The consumer is based on Spark Streaming and every 5 seconds fetches new messages from Kafka and writes them to ElasticSearch. The problem is I'm not able to write to ES because I get a lot of errors like the one below :

ERROR] [2015-04-24 11:21:14,734] [org.apache.spark.TaskContextImpl]: Error in TaskCompletionListener org.elasticsearch.hadoop.EsHadoopException: Could not write all entries [3/26560] (maybe ES was overloaded?). Bailing out... at org.elasticsearch.hadoop.rest.RestRepository.flush(RestRepository.java:225) ~[elasticsearch-spark_2.10-2.1.0.Beta3.jar:2.1.0.Beta3] at org.elasticsearch.hadoop.rest.RestRepository.close(RestRepository.java:236) ~[elasticsearch-spark_2.10-2.1.0.Beta3.jar:2.1.0.Beta3] at org.elasticsearch.hadoop.rest.RestService$PartitionWriter.close(RestService.java:125) ~[elasticsearch-spark_2.10-2.1.0.Beta3.jar:2.1.0.Beta3] at org.elasticsearch.spark.rdd.EsRDDWriter$$anonfun$write$1.apply$mcV$sp(EsRDDWriter.scala:33) ~[elasticsearch-spark_2.10-2.1.0.Beta3.jar:2.1.0.Beta3] at org.apache.spark.TaskContextImpl$$anon$2.onTaskCompletion(TaskContextImpl.scala:57) ~[spark-core_2.10-1.2.1.jar:1.2.1] at org.apache.spark.TaskContextImpl$$anonfun$markTaskCompleted$1.apply(TaskContextImpl.scala:68) [spark-core_2.10-1.2.1.jar:1.2.1] at org.apache.spark.TaskContextImpl$$anonfun$markTaskCompleted$1.apply(TaskContextImpl.scala:66) [spark-core_2.10-1.2.1.jar:1.2.1] at scala.collection.mutable.ResizableArray$class.foreach(ResizableArray.scala:59) [na:na] at scala.collection.mutable.ArrayBuffer.foreach(ArrayBuffer.scala:47) [na:na] at org.apache.spark.TaskContextImpl.markTaskCompleted(TaskContextImpl.scala:66) [spark-core_2.10-1.2.1.jar:1.2.1] at org.apache.spark.scheduler.Task.run(Task.scala:58) [spark-core_2.10-1.2.1.jar:1.2.1] at org.apache.spark.executor.Executor$TaskRunner.run(Executor.scala:200) [spark-core_2.10-1.2.1.jar:1.2.1] at java.util.concurrent.ThreadPoolExecutor.runWorker(ThreadPoolExecutor.java:1145) [na:1.7.0_65] at java.util.concurrent.ThreadPoolExecutor$Worker.run(ThreadPoolExecutor.java:615) [na:1.7.0_65] at java.lang.Thread.run(Thread.java:745) [na:1.7.0_65]

Consider that the producer is writing 6 messages every 15 seconds so I really don't understand how this "overload" can possibly happen (I even cleaned the topic and flushed all old messages, I thought it was related to an offset issue).
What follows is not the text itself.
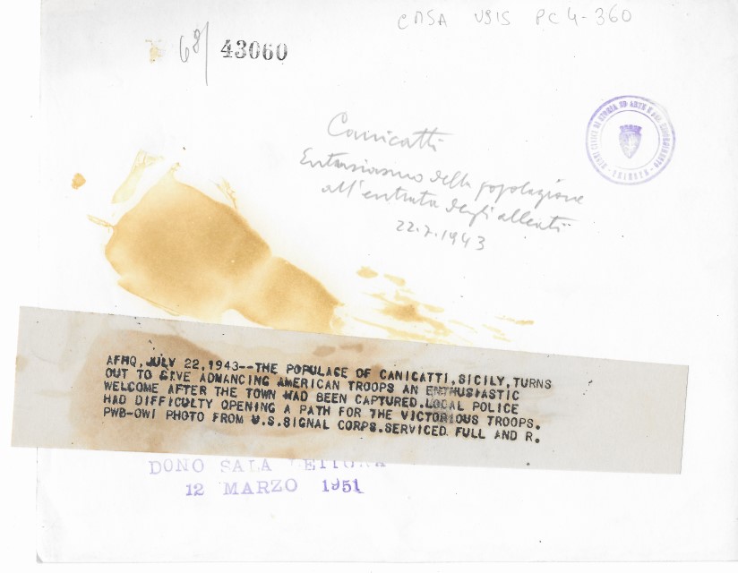 Il 12 luglio 1943, in seguito a un bombardamento alleato, le truppe tedesche iniziarono a ritirarsi dalla città di Canicattì, in provincia di Agrigento. Quel giorno si consumò la prima strage di civili compiuta dai nazisti sul suolo italiano. Gli abitanti, avendo appreso dello sbarco alleato avvenuto due giorni prima, il 10 luglio, credettero che i mezzi corazzati in arrivo fossero americani e, convinti che la guerra fosse ormai finita, corsero loro incontro festanti. Ma si trattava, in realtà, di reparti tedeschi della Panzergrenadier Division "Sizilien", in ritirata. Temendo un’imboscata o in preda al panico, i soldati tedeschi aprirono il fuoco sulla folla, uccidendo sei civili, tra cui due ragazzi di appena diciotto anni. Due giorni dopo, il 14 luglio, avvenne una seconda strage, stavolta ad opera delle truppe americane. In una fabbrica di olii e saponi, dove alcuni civili erano entrati per prendere beni abbandonati — un atto di saccheggio motivato dalla fame e dal caos del momento — il colonnello George McCaffrey, comandante delle forze statunitensi a Canicattì, ordinò di aprire il fuoco sulla folla. Il bilancio fu di almeno sei morti, ma alcuni testimoni sostengono che il numero delle vittime sia stato più alto.

The task executed by Spark Streaming every 5 seconds can be summarized by the following code :

  val result = KafkaUtils.createStream[String, Array[Byte], StringDecoder, DefaultDecoder](ssc, kafkaParams, Map("wasp.raw" -> 1), StorageLevel.MEMORY_ONLY_SER_2)
  val convertedResult = result.map(k => (k._1 ,AvroToJsonUtil.avroToJson(k._2)))



  //TO-DO : Remove resource (yahoo/yahoo) hardcoded parameter
  log.info(s"*** EXECUTING SPARK STREAMING TASK  + ${java.lang.System.currentTimeMillis()}***")
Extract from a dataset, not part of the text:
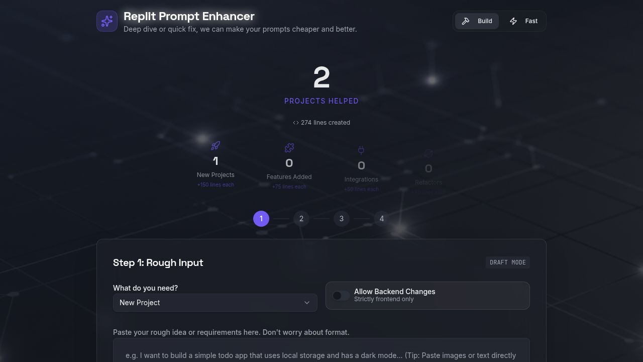 Build Mode – For complex projects: new apps, features, integrations, refactors. Full 4-step process with AI analysis.

  convertedResult.foreachRDD(rdd => {
      rdd.map(data => data._2).saveToEs("yahoo/yahoo", Map("es.input.json" -> "true"))

  })

If I try to print the messages instead of sending to ES, everything is fine and I actually see only 6 messages. Why can't I write to ES?
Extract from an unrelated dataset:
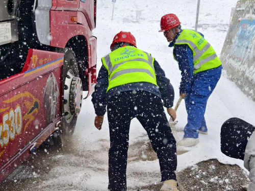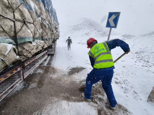 事發(fā)時(shí),強(qiáng)降雪導(dǎo)致路面濕滑,卡車(chē)在行駛過(guò)程中出現(xiàn)打滑,甚至有滑坡的風(fēng)險(xiǎn)。駕駛員在緊急制動(dòng)過(guò)程中,車(chē)輛失控,險(xiǎn)象環(huán)生。在這危急關(guān)頭,途經(jīng)此地的中交建設(shè)者們毫不猶豫地伸出援手。他們冒著嚴(yán)寒,鋪設(shè)碎石、沙子增加道路摩擦力。經(jīng)過(guò)一番艱苦努力,物資車(chē)輛終于緩緩駛離險(xiǎn)境。

For the sake of completeness, I'm using this library to write to ES : elasticsearch-spark_2.10 with the latest beta version.

6
I was getting the same error trying to write back a large table to ES from a spark dataframe (not streaming though). My default setup was using 100 executors so basically 100 concurrent connections to our smallish ES cluster. The solution that worked for me was to repartition the dataframe into a small number of partitions (10 in my case), to limit the max number of concurrent connections spark could make.patricksurry

6 Answers

3
votes

I found, after many retries, a way to write to ElasticSearch without getting any error. Basically passing the parameter "es.batch.size.entries" -> "1" to the saveToES method solved the problem. I don't understand why using the default or any other batch size leads to the aforementioned error considering that I would expect an error message if I'm trying to write more stuff than the allowed max batch size, not less.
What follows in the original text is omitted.